Abbiamo tirato fuori le dita tutti e due nello stesso momento. Io sono rimasta con la mano sul clitoride. Lui mi ha riaperto le natiche e mi ha passato la lingua, piatta, lunga, dall’ano fino dove riusciva a arrivare. Mi sono tremate davvero le gambe. Non mi aspettavo quel leccare lì, non così. Ho lasciato la porta con la mano sinistra e mi sono coperta la bocca con quella, in fretta, perché mi stava quasi scappando un rumore.
Mi ha rimesso le dita dentro — due di nuovo — mentre continuava con la lingua a percorrere tutto quello che aveva davanti. Era un disordine. Era tutto bagnato, la faccia di lui, le mie cosce, le mie dita, la stoffa del pigiama che pendeva all’altezza delle cosce. Ho stretto gli occhi. I bambini, dall’altra parte della porta. La porta, sulla mia fronte. Lui, sotto, a lavorarmi senza pietà.
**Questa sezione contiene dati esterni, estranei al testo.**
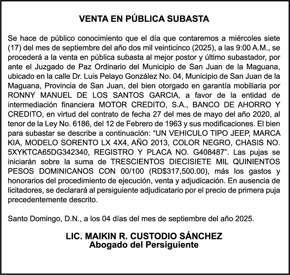 K2395899, Motocicleta BAJAJ, modelo PLATINA 100 ES, color negro, año 2023, chasis MD2A76AX6PWL48076, a nombre de EDDY ISAAC DE LA ROSA SENA, Ced. 40243083363.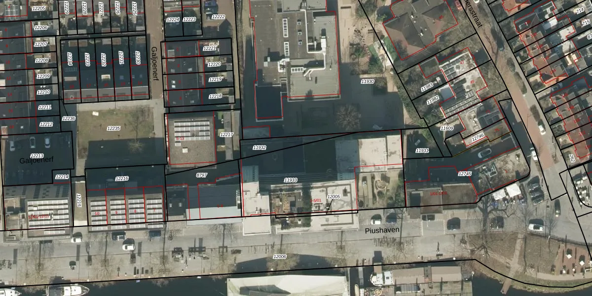 Het perceel waarop Piushaven 4-18 staat heeft een oppervlakte van 1340 m². Dit is een zeer groot perceel. De perceeloppervlakte wordt geregistreerd door het Kadaster. Gedetailleerde informatie over de maten van dit perceel kunt u vinden in het rapport Kadastrale kaart met maatvoering van Piushaven 4-18.

Si è infilato completamente tra le mie gambe. Fino a dove glielo permettevano i pantaloni e la posizione. Ha iniziato a leccarmi il clitoride direttamente mentre le dita restavano dentro, muovendosi con un ritmo più fermo, più profondo. Gli ho tolto la mano dalla bocca e gli ho afferrato la testa. L’ho premuto contro di me. Ho spinto il bacino verso la sua faccia.
Ha accelerato. Ha succhiato, senza fermare le dita. Io muovevo i fianchi da sola, ero fuori di me. Ho staccato una mano dai suoi capelli e mi sono pizzicata un capezzolo con forza, con le unghie. Anche l’altro. Non potevo gridare. Non potevo gemere. Potevo solo stringere i denti e resistere.
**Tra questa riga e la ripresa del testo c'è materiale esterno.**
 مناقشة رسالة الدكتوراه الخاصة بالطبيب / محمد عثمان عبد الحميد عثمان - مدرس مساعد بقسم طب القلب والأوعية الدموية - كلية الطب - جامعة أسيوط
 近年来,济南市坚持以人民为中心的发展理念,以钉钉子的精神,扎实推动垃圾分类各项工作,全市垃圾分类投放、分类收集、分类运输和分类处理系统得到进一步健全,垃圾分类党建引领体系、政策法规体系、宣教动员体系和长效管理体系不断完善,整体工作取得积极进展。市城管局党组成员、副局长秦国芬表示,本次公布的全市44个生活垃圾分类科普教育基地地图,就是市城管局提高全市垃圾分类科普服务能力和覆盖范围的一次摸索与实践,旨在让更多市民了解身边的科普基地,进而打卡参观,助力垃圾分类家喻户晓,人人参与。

Le gambe mi hanno ceduto due volte. Alla terza non ce l’ho fatta più. Ho alzato la testa, ho cercato il soffitto con lo sguardo, ho lasciato uscire un gemito soffocato contro la mia stessa spalla e sono venuta. È durato tanto. Molto più delle altre volte. Ho sentito l’orgasmo a ondate, una dopo l’altra, e lui è rimasto lì sotto finché ho dovuto allontanargli la testa perché non ce la facevo più, perché tutto mi dava corrente, perché se avesse continuato un secondo mi sarei smontata lì stesso.
Si è rimesso in piedi lentamente. Mi ha tirato su le mutandine, mi ha tirato su i pantaloni, mi ha sistemato la maglietta con una tenerezza che non aveva niente a che vedere con quello che era appena successo. Mi ha girata verso di lui.
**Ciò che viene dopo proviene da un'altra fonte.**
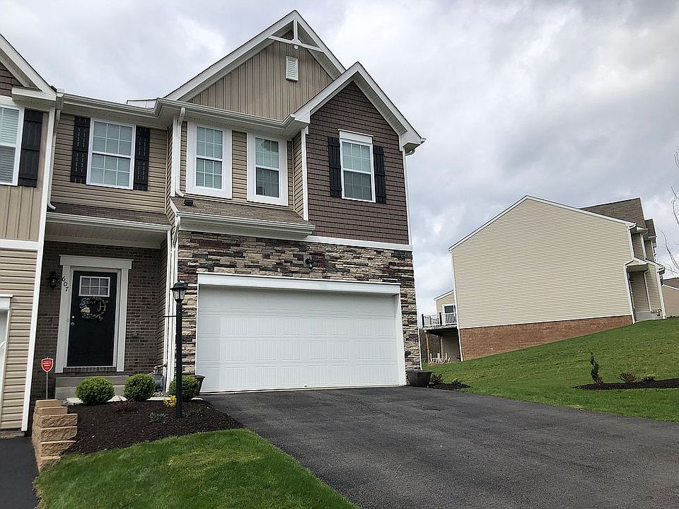 Conveniently located in the corner of Collier Township with easy access to Route 79 and Interstate 379 (Parkway West), this townhome is just minutes to both downtown Pittsburgh, the Pittsburgh International Airport or shopping in Robinson. This 2687 square foot Maronda built end unit is the largest of the St Anthony Models with the 2 story addition on the back of unit so there is a full height dining area (not sloped as in other units) as well as a full large master bath above. Open floor plan in main living area (great for entertaining!) and all hardwood was extended on first floor beyond what Maronda usually provides at our request before construction was completed. Kitchen was renovated to include extra tall 30” wide 96” high cabinet on far end to hold microwave and provide extra storage. Stainless drop down vent hood was added over magnetic induction cooktop. Drop down pendant lights were added above the island over the sink as well as glass tile backsplash and under cabinet lighting. All standard builder appliances were removed and replaced with high end stainless appliances (over $10,000). New washer and dryer installed along with white shaker cabinetry and other features in laundry room (this is not included normally in Maronda townhome). Additional landscaping added outside. Rough in plumbing in basement for full bath and bar as well as to add second laundry. Beautiful neutral grey-beige (greige) paint throughout makes decorating easy. We would be leaving ALL appliances including refrigerator, microwave AND washer/dryer (ALL just 3 years young!!! – new when we purchased new townhouse and includedin price above). If you like our furniture/decor, we would negotiate leaving some of it including 82” TV mounted on wall in living area. Type: 2 level (plus basement) Townhouse End Unit Year Built: 2018 (last section built in development)Builder: Maronda St Anthony Model Brick/Siding Garage: Double with Opener Bedrooms: 3 very large Baths: 2 full, 1 half (potential 3rd full in basement)Storage: 2 walk-in closets master, basement Laundry: 2nd floorHeat type: Gas, Forced Air Cooling: Central AirBasement/Game room: Walk out/Daylight Floors: hardwood on 1st floor, Wall to Wall, Vinyl tile Great Room/kitchen: 27’6” x 19’3” Dining Room: 11’6”x 10’ Master Bedroom: 21’7’ x 15’3” Master Bath 11’6” x 10’ 2nd Bedroom: 13’1” x 11’2” 3rd Bedroom 14’4” x 11’6”

L’ho baciato. L’ho baciato a lungo, con gli occhi chiusi, con il mio sapore nella sua bocca. Gli ho messo entrambe le mani sul viso.
—Grazie —gli ho detto a voce bassissima.
—Un altro giorno tocca a me —ha risposto, con quel sorriso obliquo che gli viene quando sa di aver vinto.
—Un altro giorno.
Sono rimasta ancora un secondo con la fronte appoggiata alla sua. Poi ho aperto piano la porta della camera, con molta attenzione, e siamo entrati in silenzio. I tre bambini stavano ancora dormendo ammucchiati come cuccioli al centro del letto. Siamo saliti ognuno da un lato, senza fare rumore, con le luci spente. Mi sono addormentata quasi all’istante, con il pigiama che ancora sapeva di lui.